They saved the money for many months and on a Sunday evening they bought two tickets to see “Bajadere,” advertised as the “latest sensation of Vienna, Berlin and Paris.”
They sat, solemn, erect, reverent as at a church service, Kira a little paler than usual in her gray silk dress, Leo trying not to cough, and they listened to the wantonest operetta from over there, from
abroad
.
It was very gay nonsense. It was like a glance straight through the snow and the flags, through the border, into the heart of that other world. There were colored lights, and spangles, and crystal goblets, and a real foreign bar with a dull glass archway where a green light moved slowly upward, preceding every entrance—a real foreign elevator. There were women in shimmering satin from a place where fashions existed, and people dancing a funny foreign dance called “Shimmy,” and a woman who did not sing, but barked words out, spitting them contemptuously at the audience, in a flat, hoarse voice that trailed suddenly into a husky moan—and a music that laughed defiantly, panting, gasping, hitting one’s ears and throat and breath, an impudent, drunken music, like the challenge of a triumphant gaiety, like the “Song of Broken Glass,” a promise that existed somewhere, that was, that could be.

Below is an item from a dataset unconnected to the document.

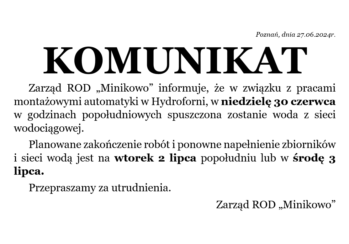 Zarząd ROD „Minikowo” informuje, że w związku z pracami montażowymi automatyki w Hydroforni, w niedzielę 30 czerwca w godzinach popołudniowych spuszczona zostanie woda z sieci wodociągowej.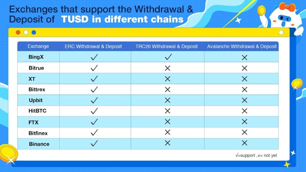TUSD has kept up with the latest trend to increase transparency and stability of different public chains and DeFi ecosystems so digital assets can flow freely worldwide. In addition to TRON, it has been natively deployed on Ethereum, BNB Chain, and Avalanche. Its monthly trading volume on over 100 exchanges, including Binance, Huobi, and OKX, has reached the billions, proving its immense liquidity. The tables below show some popular exchanges that support TUSD.

The public laughed, and applauded, and laughed. When the lights went on after the final curtain, in the procession of cheerful grins down the aisles many noticed with astonishment a girl in a gray silk dress, who sat in an emptying row, bent over, her face in her hands, sobbing.
XVI
AT FIRST THERE WERE WHISPERS.
Students gathered in groups in dark corners and jerked their heads nervously at every approaching newcomer, and in their whispers one heard the words: “The Purge.”
In lines at co-operatives and in tramways people asked: “Have you heard about the Purge?”
In the columns of
Pravda
there appeared many mentions of the deplorable state of Red colleges and of the coming Purge.
And then, at the end of the winter semester, in the Technological Institute, in the University and in all the institutes of higher education, there appeared a large notice with huge letters in red pencil:
The notice directed all students to call at the office, receive questionnaires, fill them out promptly, have their Upravdom certify to the truth of the answers and return them to the Purging Committee. The schools of the Union of Socialist Soviet Republics were to be cleaned of all socially undesirable persons. Those found socially undesirable were to be expelled, never to be admitted to any college again.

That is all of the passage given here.